=== ASSIGNMENT ===
These records contain pictures, which must be left out; copy exactly the lines from the one with "Fried eggs served" up to and including the one with "Following Hemi’s spot".

=== SOURCE DATA ===
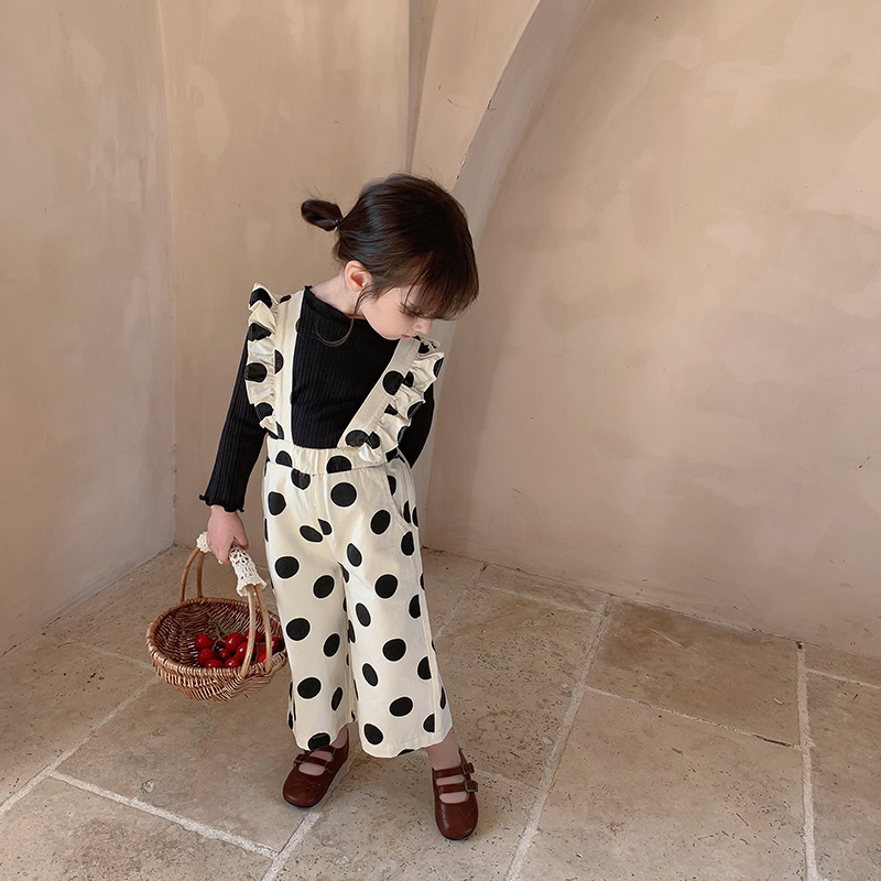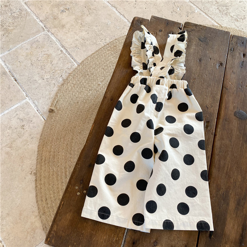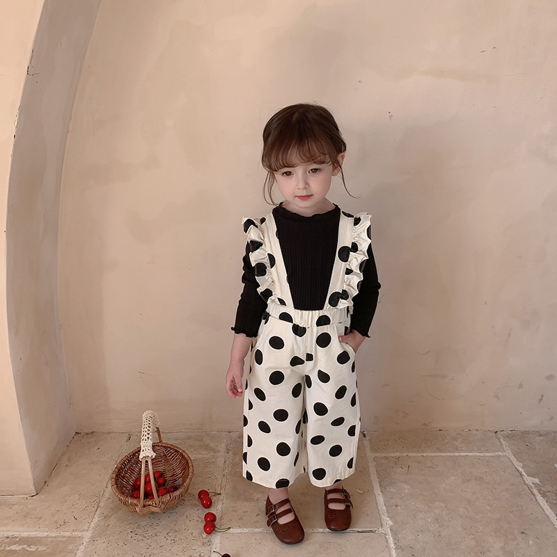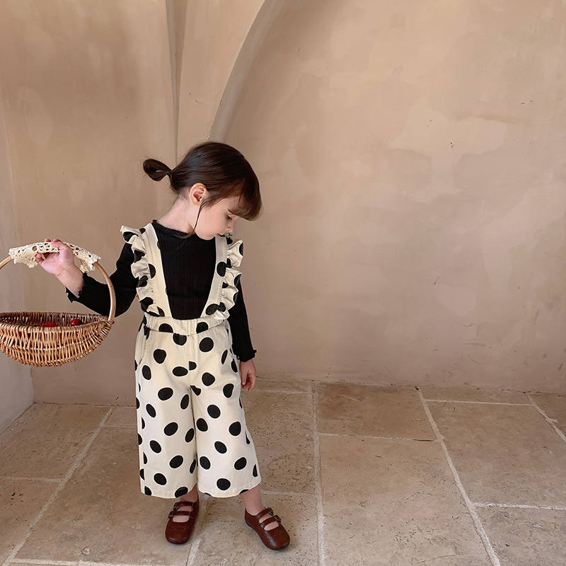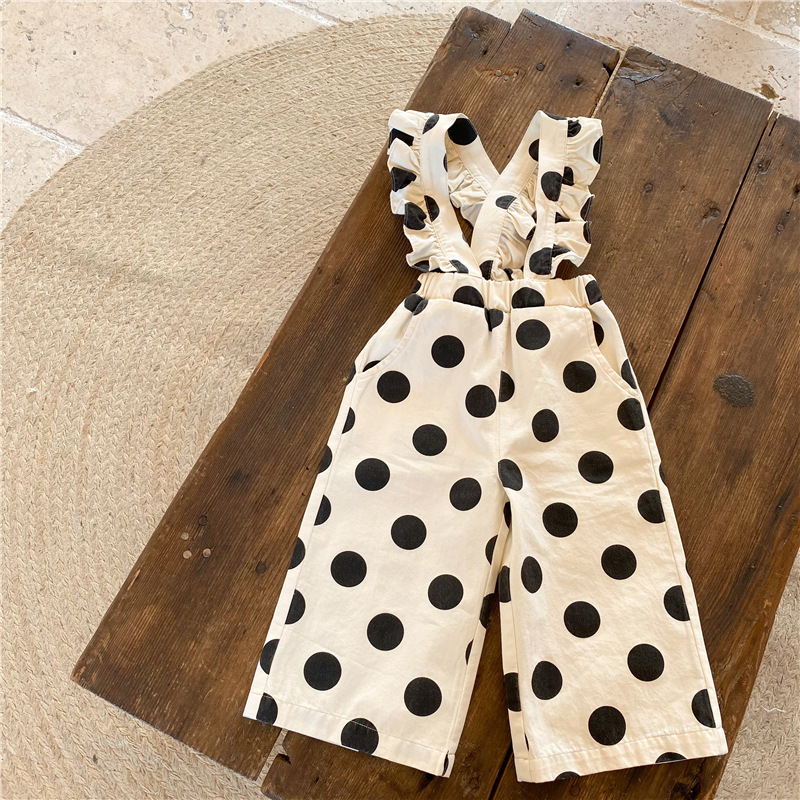 復古大圓點九分背帶褲
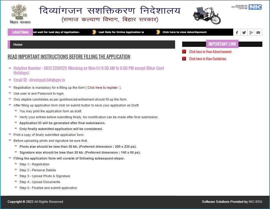 उत्तर: बिहार के ऐसे दिव्यांग व्यक्ति जिनकी दिव्यांगता 60% या उससे अधिक है, वे इस योजना के लिए पात्र हैं।
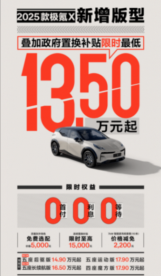2025款極氪X新版車型在11月1日(今日)正式上市,最低售價14.9萬,疊加政府置換補貼后最低13.5萬元,同時還調(diào)整了老款車型價格。除了價格上的優(yōu)惠,全系車型還可享受0首付、0利息的金融政策,權(quán)益價值最高可達(dá)6.32萬元。同時,購車者還能享受18000元的政府置換補貼等額外優(yōu)惠。
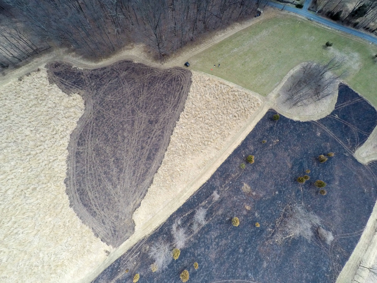 Aerial photograph of prescribed burn taken by a drone.
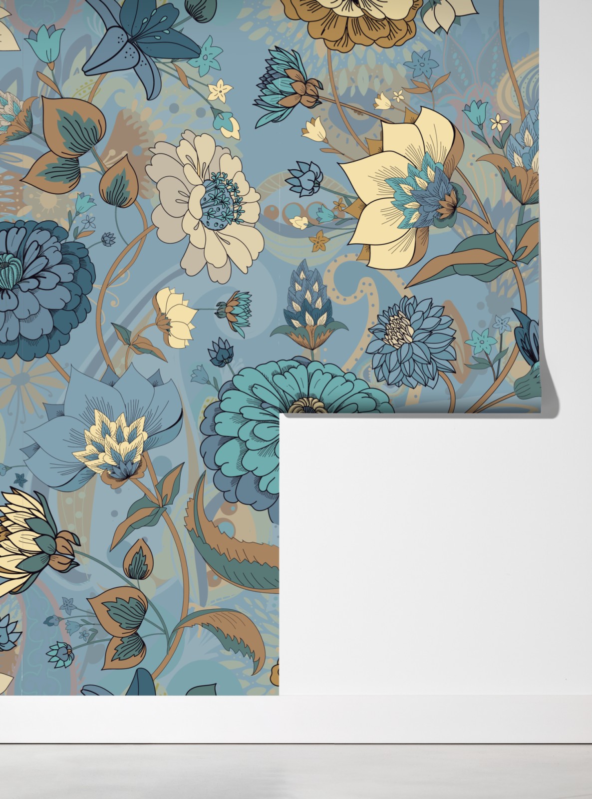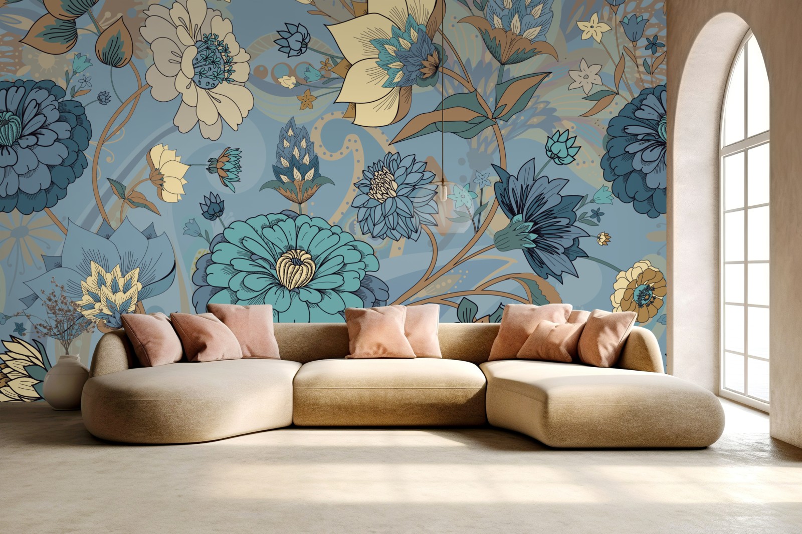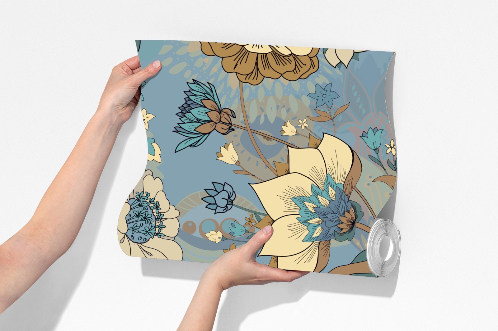 Fototapete vintage-blumenmuster in gedämpften blau- und beigetönen
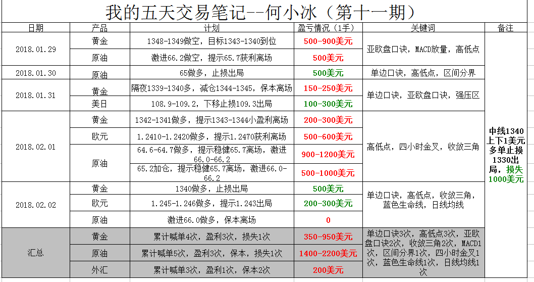 何小冰:我的五天交易笔记(第十一期) 我的五天交易笔记,记录投资那些事儿! 大家好,我是何小冰,欢迎来到本期交易笔记。超级非农数据周,除了万众瞩目的非农就业报告,还有美联储1月货币政策利率决议。美联储如预期选择按兵不动,不过鹰派的政策声明提振美元,打压黄金,通俄门再生变数,避险启动拉升重回支撑区域。美国
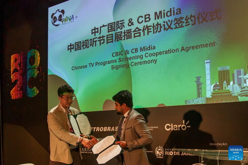 RIO DE JANEIRO, 6 junio, 2024 (Xinhua) -- Feng Bo (i), subdirector del departamento de intercambios internacionales de CBIC y Ahmad Afzal (d), director de CB Midia, participan en la ceremonia de firma del Acuerdo de Cooperación de Proyección de Programas de la Televisión china, en el Foro "Viendo a China-Cultura y Posibilidades de Negocio" en la RIO2C 2024 (Conferencia Creativa de Río) llevada a cabo en la Ciudad de las Artes, en Río de Janeiro, Brasil, el 6 de junio de 2024. (Xinhua/Claudia Martini)
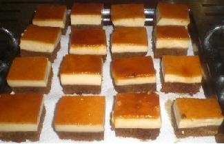 تسكب طبقة أخرى من الكاسترد وتغطى بـ 8 قطع أخرى من البسكويت. تكرر العملية نفسها مع طبقة ثالثة من الكاسترد و8 قطع من البسكويت. تسكب أخيراً الكمية الباقية من الكاسترد
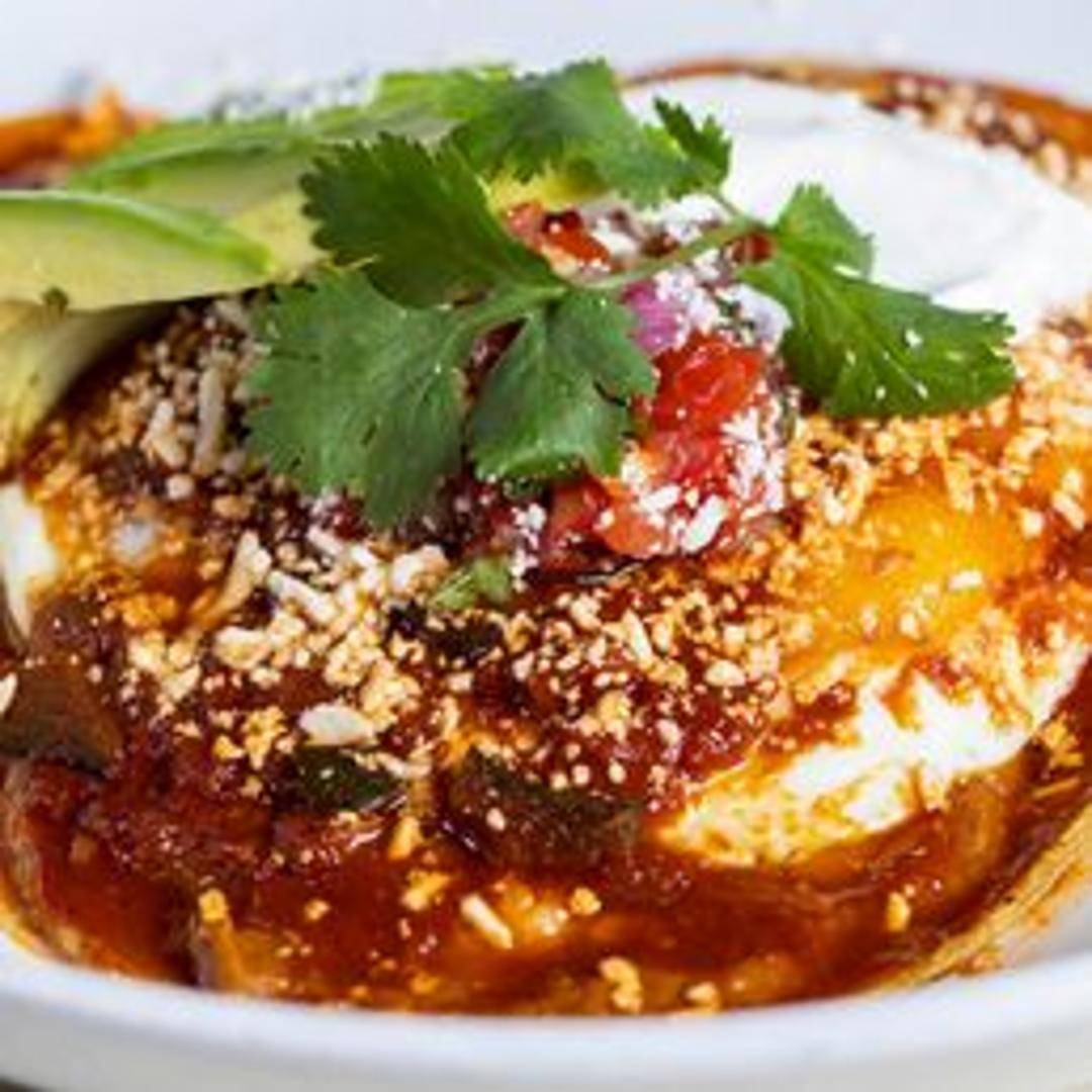 Fried eggs served on top of tortillas, topped with salsa and often refried beans and cheese.
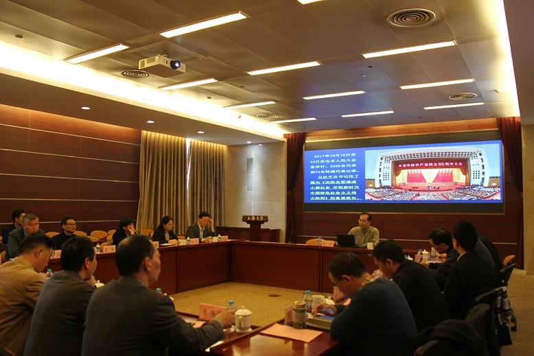 11月27日下午,文学院院系党政班子与大场镇中心组在乐乎新楼思源厅进行“十九大精神”联组学习会。会议由文学院党委书记竺剑主持,出席学习会的有大场镇党委书记杨金娣,大场镇党委委员、纪委书记姜炜,党委副书记陆平等多名中心组成员;文学院院长张勇安、副院长杨位俭、工会主席赵益民、历史系主任宁镇疆等也参加了学习会。 会议邀请了上海市社科联副主席、中共党史学会会长,历史系忻平教授进行了“十九大精神宣讲”。忻平教授本次作为市十九大精神宣讲团成员,系统全面地分析了习总书记十九大报告“六个新”的精神内核,特别强调了十九大精神“不忘初心,牢记使命”的新方向及“中国特色社会主义进入新时代”的历史新方位。 张勇安院长向大场镇中心组成员介绍了题目为《不忘初心,砥砺前行,文学院四十年》的学院基本情况,并表达了希望今后能与大场镇在党建、人才培养、文创、科研等领域携手推进多层次交流合作。 大场镇党委书记杨金娣则在介绍了大场镇的基本建设情况后,也表示与文学院要加强师生对接,通过建立学生社会实践基地,人文活动进社区等多方面的活动,在学生培养、居民社区发展等方面实现优势互补、共同发展。 |
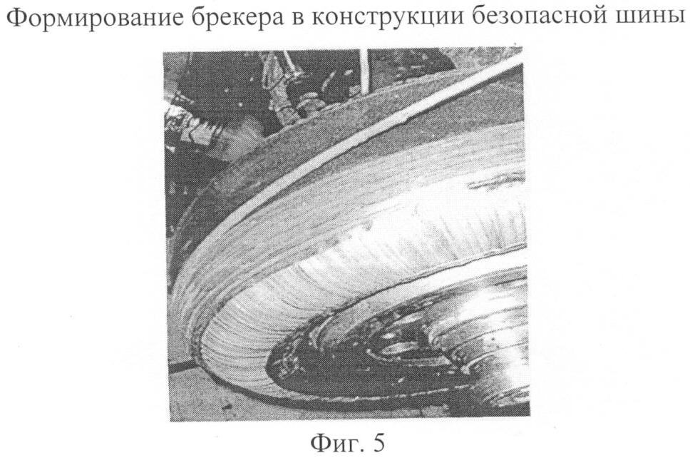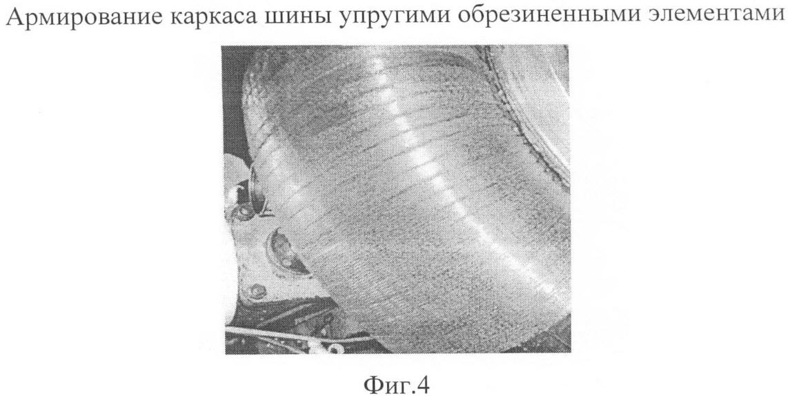 Проволоке придавалась форма, соответствующая профилю накаченной шины (фиг.3). Сборка шины осуществлялась методом навивки узкой профилированной резиновой ленты и укладки упругих элементов в меридиональном направлении на дорн с последующей фиксацией на спиральновитом проволочном бортовом кольце (фиг.4 и 5). Бездиафрагменная вулканизация собранных шин осуществляется на этом же металлическом тороидальном дорне. Предлагаемая конструкция безопасной шины каркасного типа устанавливается на серийно-выпускаемые ободья, в том числе неразъемного типа.
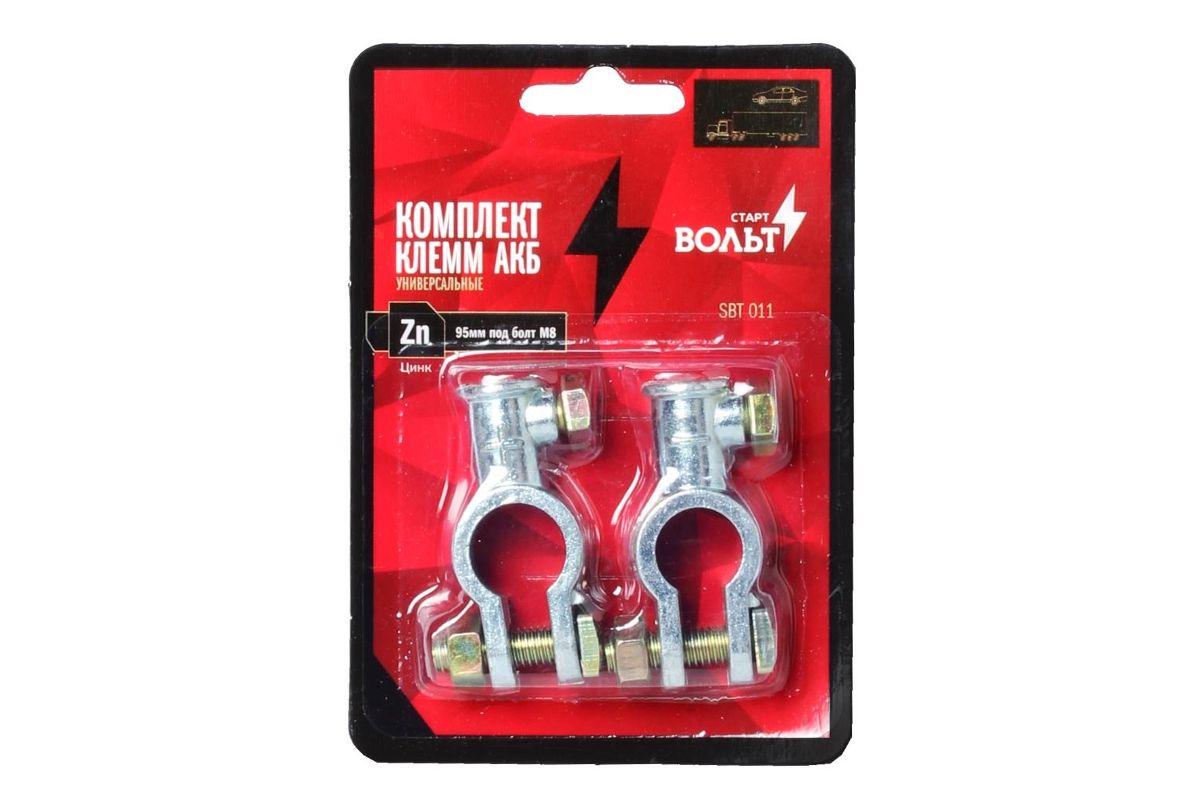 Клеммы АКБ СТАРТВОЛЬТ SBT 011 к-т цинк 95мм под болт М8
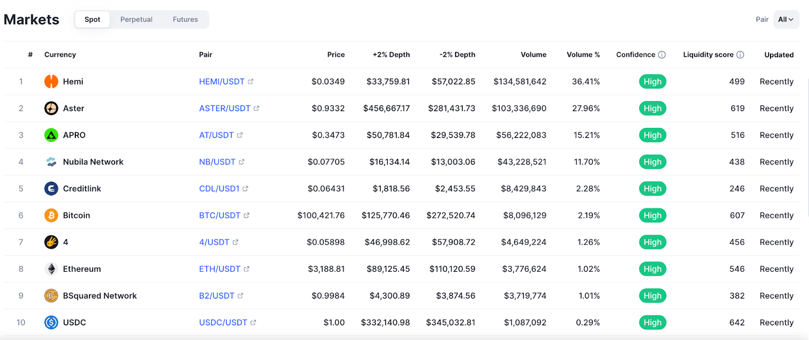 Following Hemi’s spot and perpetual listings on Aster DEX, traders have generated over $134 million in cumulative volume during the campaign. Hemi now stands at the top of Aster’s token chart in terms of total volume traded. Now complete, the $400,000 reward pool, distributed based solely on trading activity, has driven steady participation and is set for distribution.
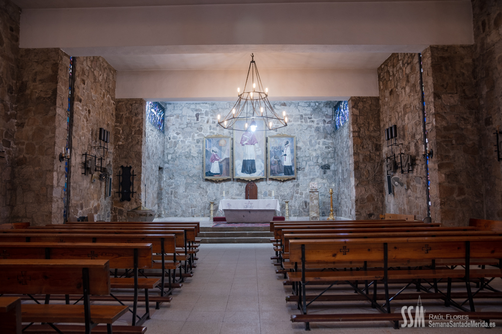 El presbiterio acoge tres cuadros del pintor Julián Pérez Muñoz que que reflejan la vida de San Francisco de Sales. Junto a la puerta de entrada se abre una pequeña capilla, forrada en madera, que acoge las imágenes titulares del paso del “Prendimiento de Jesús” de la Cofradía del Prendimiento de Jesús y Ntra. Señora de la Paz, labrada en madera maciza policromada, realizada en 1956 por el escultor emeritense Juan de Ávalos
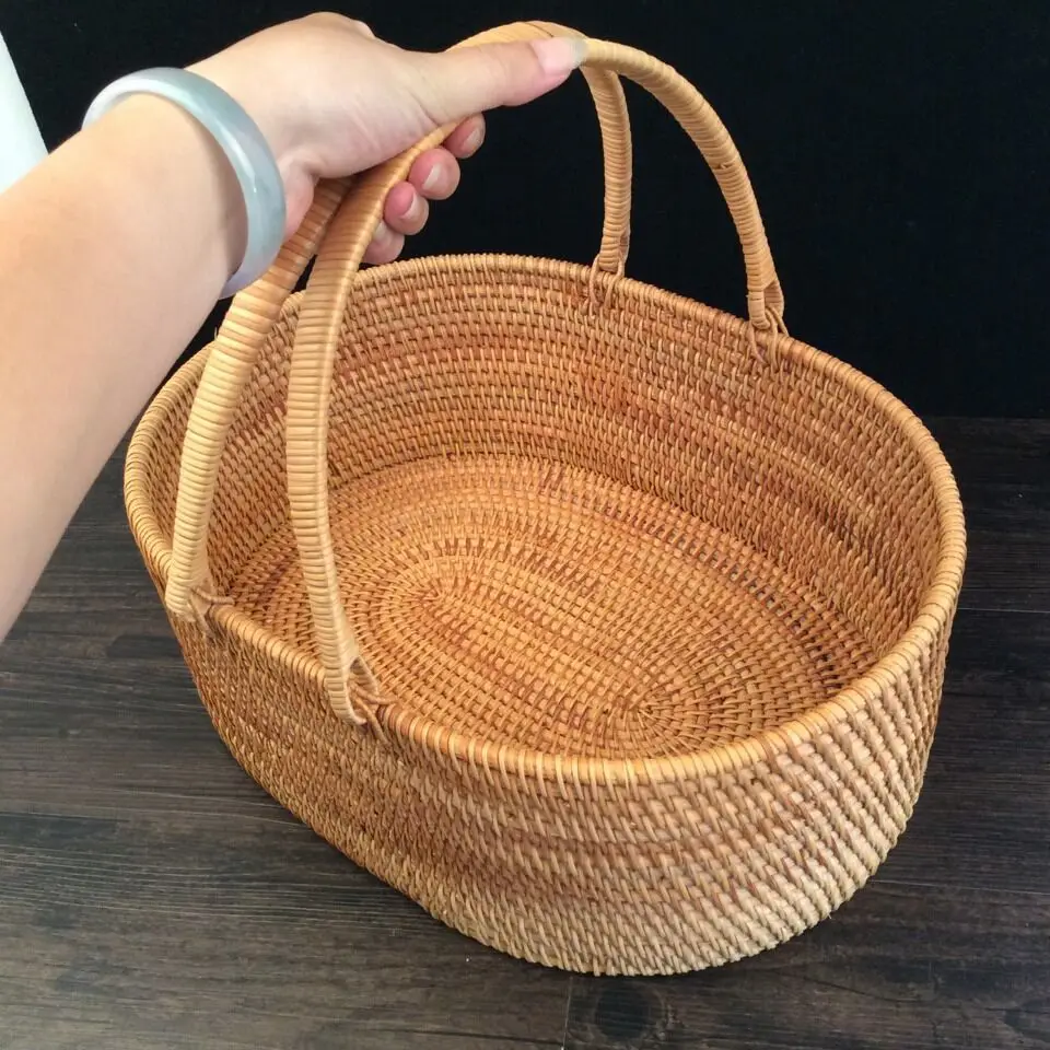"Woven Storage Basket Handmade Rattan Portable Fruit Basket Candy Snack Tray Storage Box Kitchen Accessories Storage Organizer" * Buy Now With Free Shipping Just For $34

=== OUTPUT ===
 Fried eggs served on top of tortillas, topped with salsa and often refried beans and cheese.
 11月27日下午,文学院院系党政班子与大场镇中心组在乐乎新楼思源厅进行“十九大精神”联组学习会。会议由文学院党委书记竺剑主持,出席学习会的有大场镇党委书记杨金娣,大场镇党委委员、纪委书记姜炜,党委副书记陆平等多名中心组成员;文学院院长张勇安、副院长杨位俭、工会主席赵益民、历史系主任宁镇疆等也参加了学习会。 会议邀请了上海市社科联副主席、中共党史学会会长,历史系忻平教授进行了“十九大精神宣讲”。忻平教授本次作为市十九大精神宣讲团成员,系统全面地分析了习总书记十九大报告“六个新”的精神内核,特别强调了十九大精神“不忘初心,牢记使命”的新方向及“中国特色社会主义进入新时代”的历史新方位。 张勇安院长向大场镇中心组成员介绍了题目为《不忘初心,砥砺前行,文学院四十年》的学院基本情况,并表达了希望今后能与大场镇在党建、人才培养、文创、科研等领域携手推进多层次交流合作。 大场镇党委书记杨金娣则在介绍了大场镇的基本建设情况后,也表示与文学院要加强师生对接,通过建立学生社会实践基地,人文活动进社区等多方面的活动,在学生培养、居民社区发展等方面实现优势互补、共同发展。 |
 Проволоке придавалась форма, соответствующая профилю накаченной шины (фиг.3). Сборка шины осуществлялась методом навивки узкой профилированной резиновой ленты и укладки упругих элементов в меридиональном направлении на дорн с последующей фиксацией на спиральновитом проволочном бортовом кольце (фиг.4 и 5). Бездиафрагменная вулканизация собранных шин осуществляется на этом же металлическом тороидальном дорне. Предлагаемая конструкция безопасной шины каркасного типа устанавливается на серийно-выпускаемые ободья, в том числе неразъемного типа.
 Клеммы АКБ СТАРТВОЛЬТ SBT 011 к-т цинк 95мм под болт М8
 Following Hemi’s spot and perpetual listings on Aster DEX, traders have generated over $134 million in cumulative volume during the campaign. Hemi now stands at the top of Aster’s token chart in terms of total volume traded. Now complete, the $400,000 reward pool, distributed based solely on trading activity, has driven steady participation and is set for distribution.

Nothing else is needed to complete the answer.